── INPUT DATA
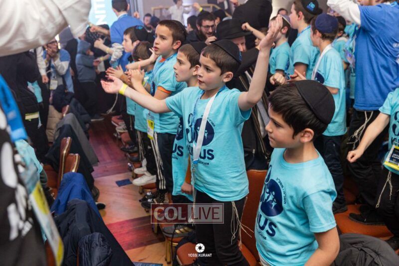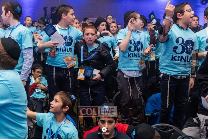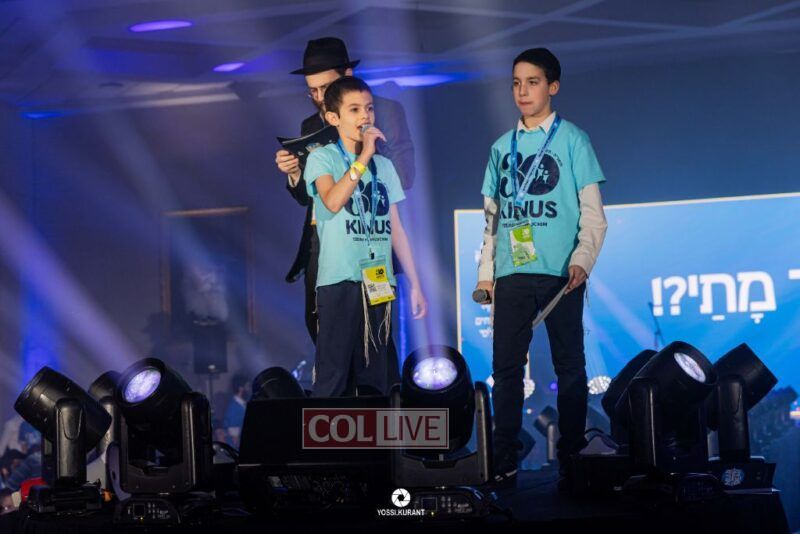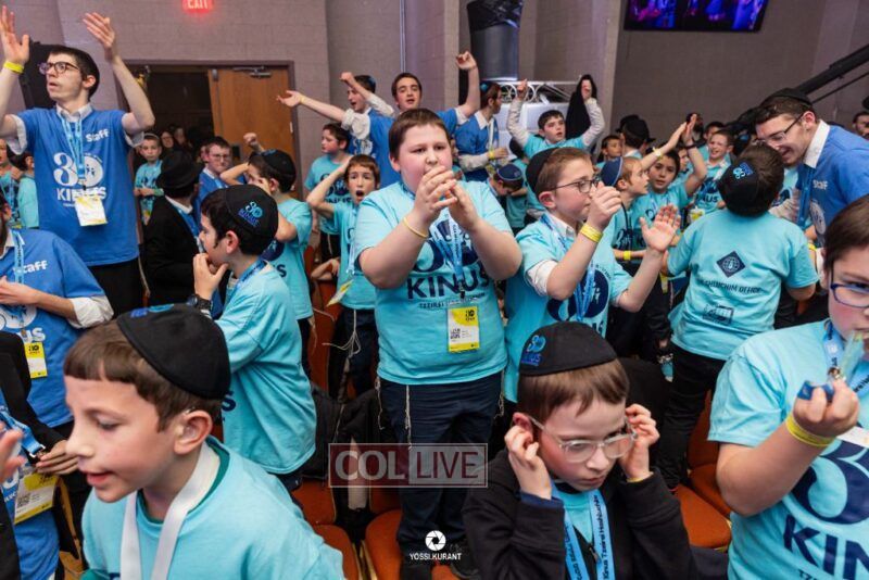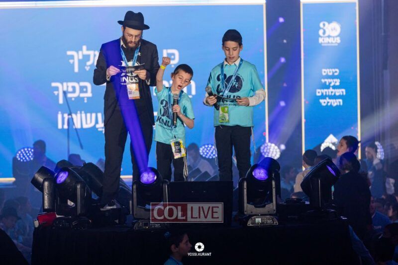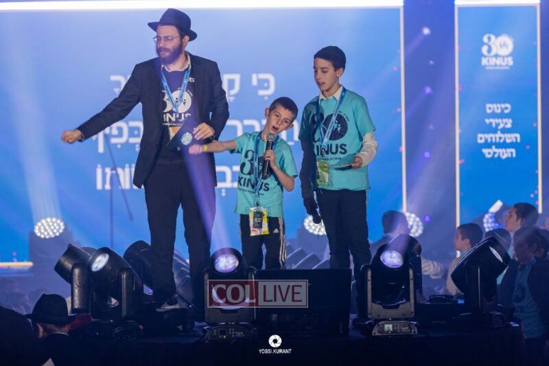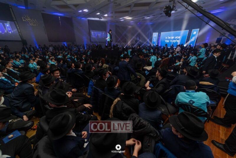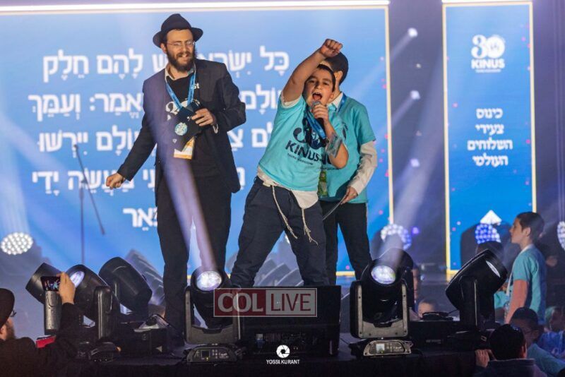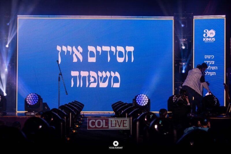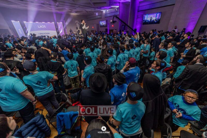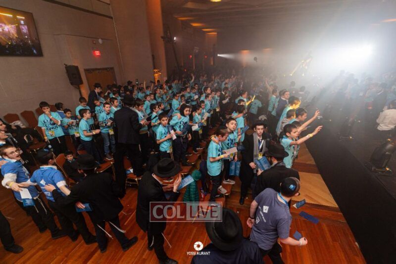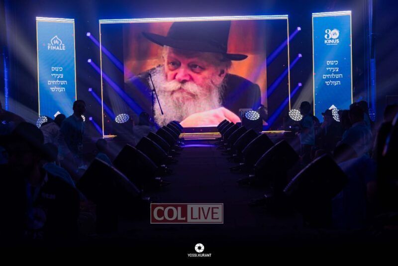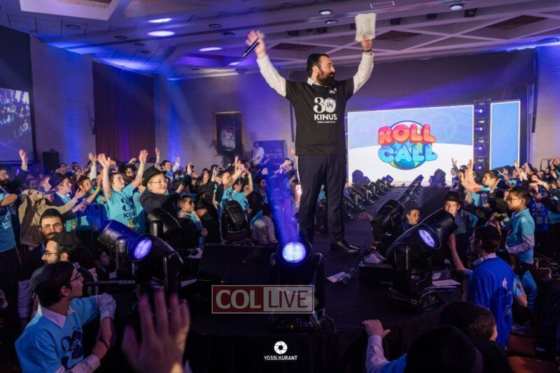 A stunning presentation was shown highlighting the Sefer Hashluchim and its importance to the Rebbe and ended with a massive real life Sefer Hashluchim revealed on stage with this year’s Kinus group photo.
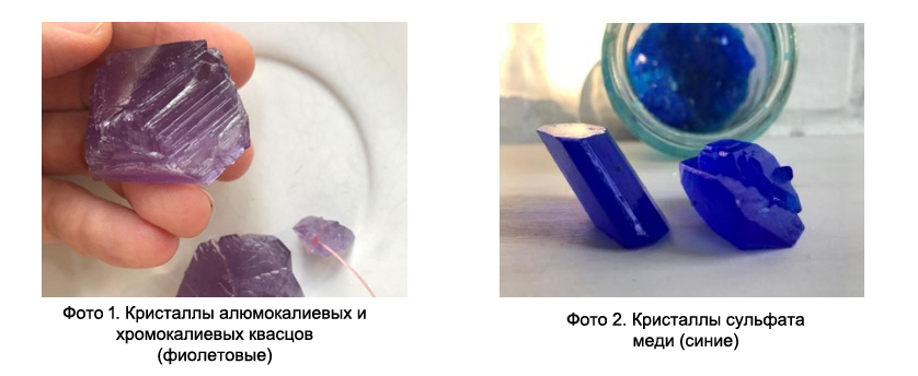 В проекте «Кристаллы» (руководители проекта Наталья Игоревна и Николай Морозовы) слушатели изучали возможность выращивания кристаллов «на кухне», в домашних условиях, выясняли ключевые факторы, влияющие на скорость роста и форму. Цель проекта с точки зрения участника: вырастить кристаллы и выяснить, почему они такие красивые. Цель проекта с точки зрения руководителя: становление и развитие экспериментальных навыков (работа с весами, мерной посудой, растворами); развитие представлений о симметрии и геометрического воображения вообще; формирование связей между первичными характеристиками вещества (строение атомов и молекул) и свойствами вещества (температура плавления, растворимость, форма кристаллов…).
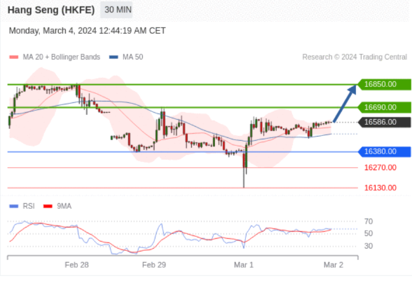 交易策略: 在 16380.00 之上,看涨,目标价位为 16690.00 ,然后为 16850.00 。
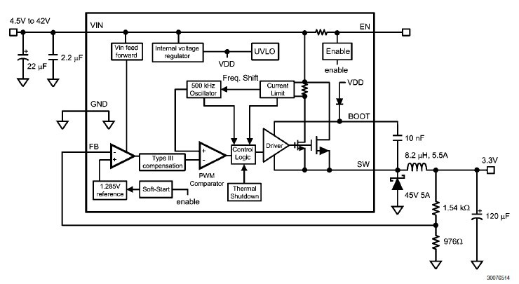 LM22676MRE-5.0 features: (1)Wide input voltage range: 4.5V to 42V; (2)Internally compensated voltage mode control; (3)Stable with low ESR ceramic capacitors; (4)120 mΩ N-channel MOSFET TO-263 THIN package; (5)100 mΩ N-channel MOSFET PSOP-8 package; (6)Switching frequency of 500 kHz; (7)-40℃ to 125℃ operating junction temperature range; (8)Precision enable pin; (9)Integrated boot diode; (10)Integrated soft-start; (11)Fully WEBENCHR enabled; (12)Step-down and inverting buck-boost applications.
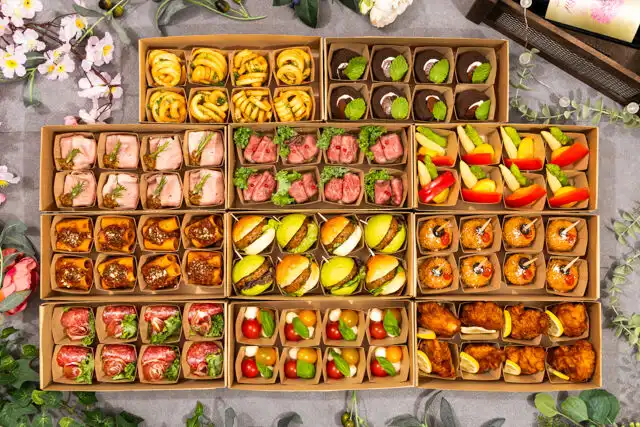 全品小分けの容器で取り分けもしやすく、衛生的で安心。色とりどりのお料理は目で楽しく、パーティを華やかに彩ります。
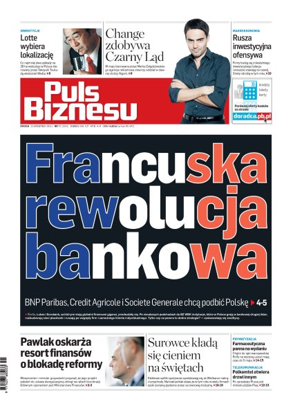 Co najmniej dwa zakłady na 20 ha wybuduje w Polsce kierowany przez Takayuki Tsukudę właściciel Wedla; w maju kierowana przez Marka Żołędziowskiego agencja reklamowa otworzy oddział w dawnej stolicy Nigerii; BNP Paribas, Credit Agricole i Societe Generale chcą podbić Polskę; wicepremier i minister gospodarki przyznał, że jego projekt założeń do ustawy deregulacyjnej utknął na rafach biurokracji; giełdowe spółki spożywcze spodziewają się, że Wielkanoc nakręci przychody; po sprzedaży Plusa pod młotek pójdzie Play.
────
── INPUT DATA
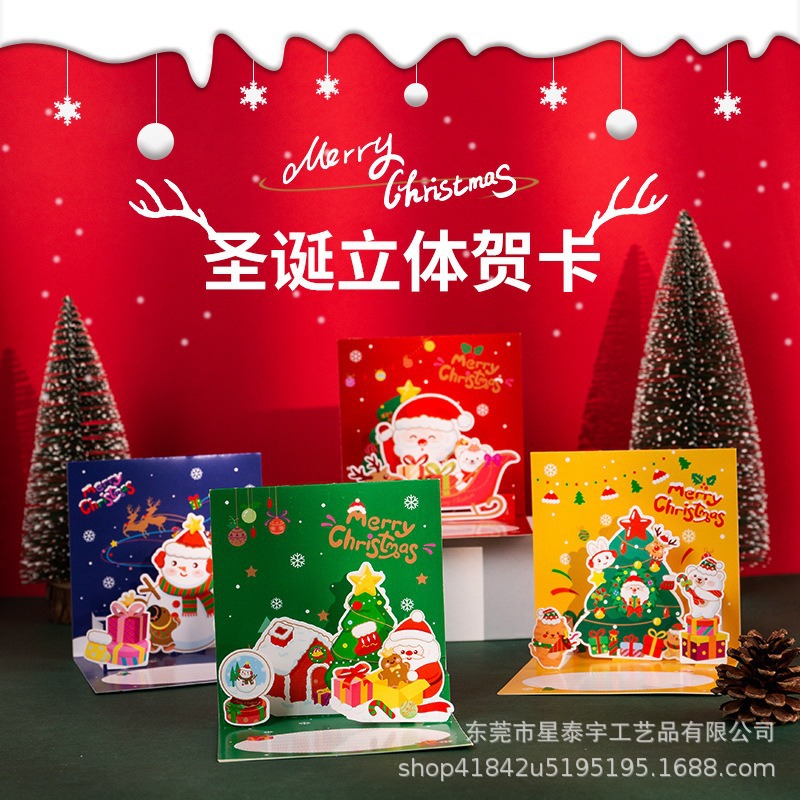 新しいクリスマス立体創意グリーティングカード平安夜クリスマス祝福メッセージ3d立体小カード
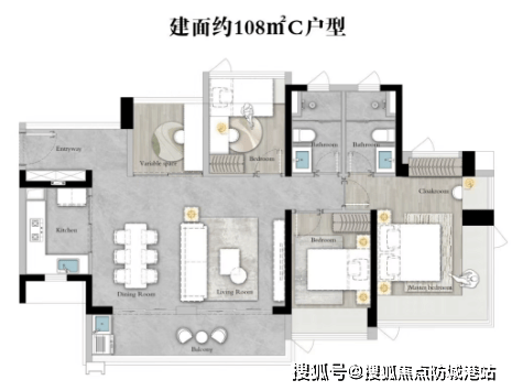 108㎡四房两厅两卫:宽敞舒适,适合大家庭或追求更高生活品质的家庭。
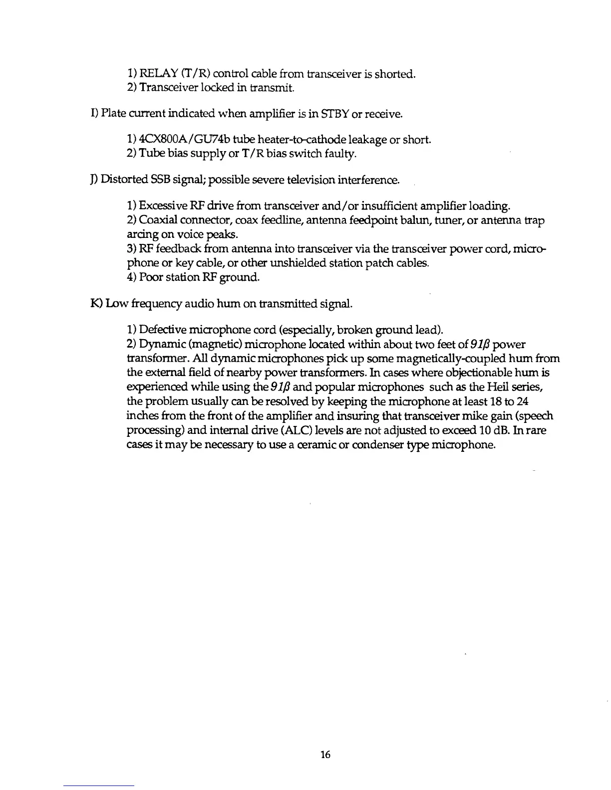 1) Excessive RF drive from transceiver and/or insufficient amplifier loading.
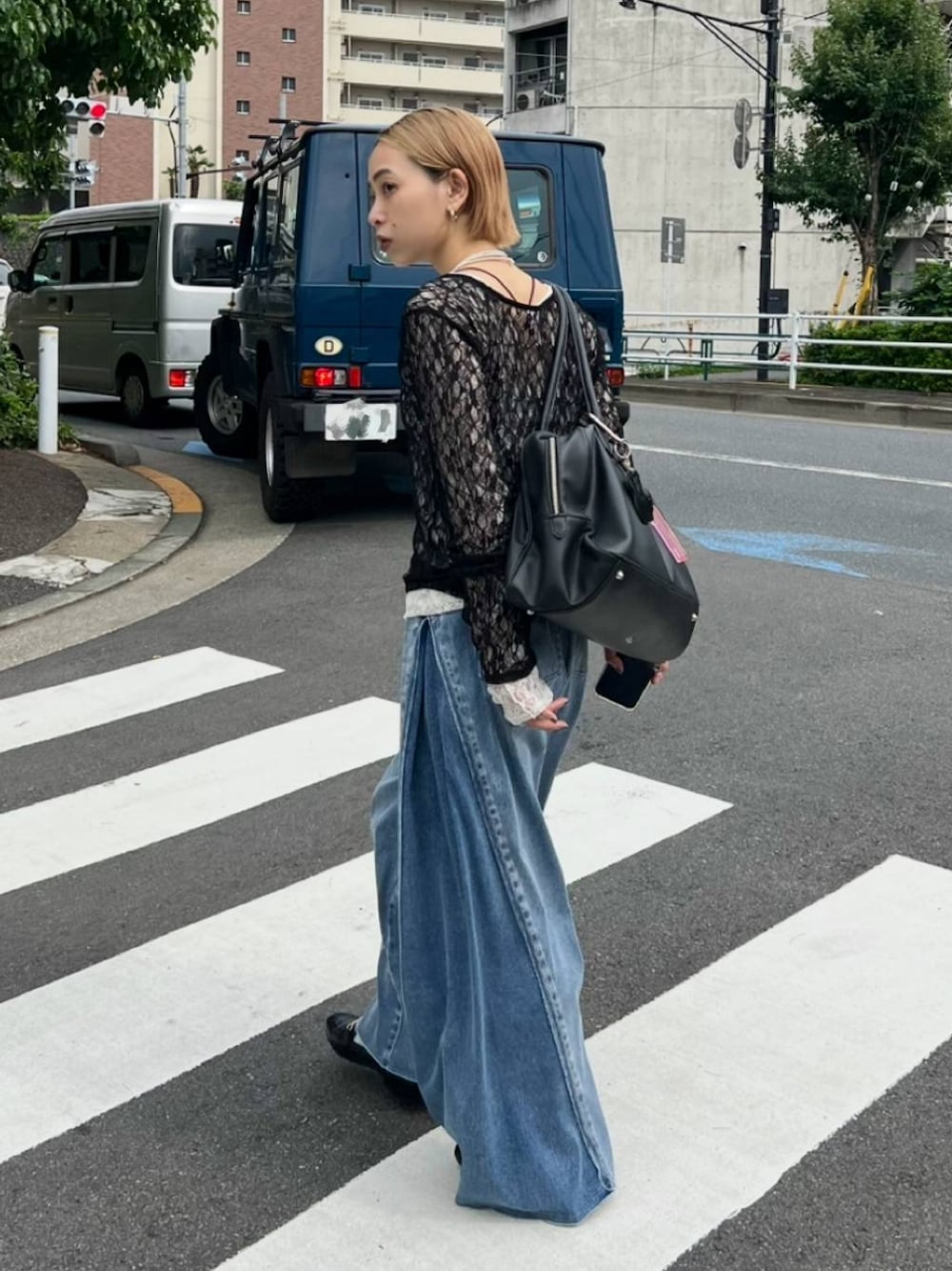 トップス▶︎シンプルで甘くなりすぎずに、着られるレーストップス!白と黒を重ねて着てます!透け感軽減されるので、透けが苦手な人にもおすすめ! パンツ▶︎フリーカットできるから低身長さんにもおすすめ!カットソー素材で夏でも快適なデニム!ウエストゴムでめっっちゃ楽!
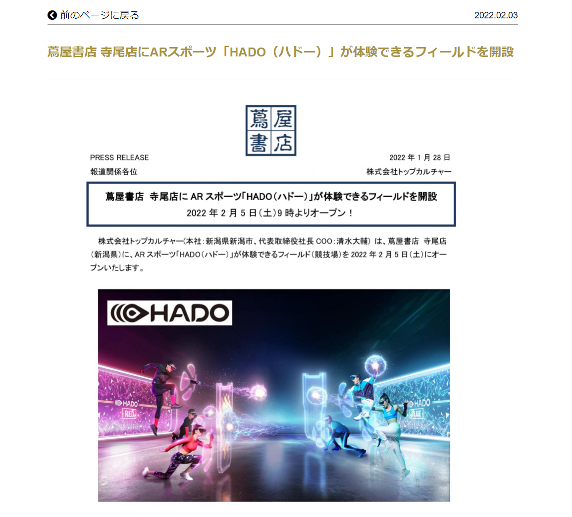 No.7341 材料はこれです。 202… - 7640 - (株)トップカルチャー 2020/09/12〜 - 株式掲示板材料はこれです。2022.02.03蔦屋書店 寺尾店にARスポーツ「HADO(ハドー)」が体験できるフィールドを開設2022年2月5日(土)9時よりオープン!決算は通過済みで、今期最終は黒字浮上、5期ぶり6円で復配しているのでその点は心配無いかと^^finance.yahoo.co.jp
────
Reproduce exactly the lines above starting at the line containing "新しいクリスマス立体創意グリ" and ending at the line containing "No.7341 材料はこれです。 202…", including both, but not the pictures.

 新しいクリスマス立体創意グリーティングカード平安夜クリスマス祝福メッセージ3d立体小カード
 108㎡四房两厅两卫:宽敞舒适,适合大家庭或追求更高生活品质的家庭。
 1) Excessive RF drive from transceiver and/or insufficient amplifier loading.
 トップス▶︎シンプルで甘くなりすぎずに、着られるレーストップス!白と黒を重ねて着てます!透け感軽減されるので、透けが苦手な人にもおすすめ! パンツ▶︎フリーカットできるから低身長さんにもおすすめ!カットソー素材で夏でも快適なデニム!ウエストゴムでめっっちゃ楽!
 No.7341 材料はこれです。 202… - 7640 - (株)トップカルチャー 2020/09/12〜 - 株式掲示板材料はこれです。2022.02.03蔦屋書店 寺尾店にARスポーツ「HADO(ハドー)」が体験できるフィールドを開設2022年2月5日(土)9時よりオープン!決算は通過済みで、今期最終は黒字浮上、5期ぶり6円で復配しているのでその点は心配無いかと^^finance.yahoo.co.jp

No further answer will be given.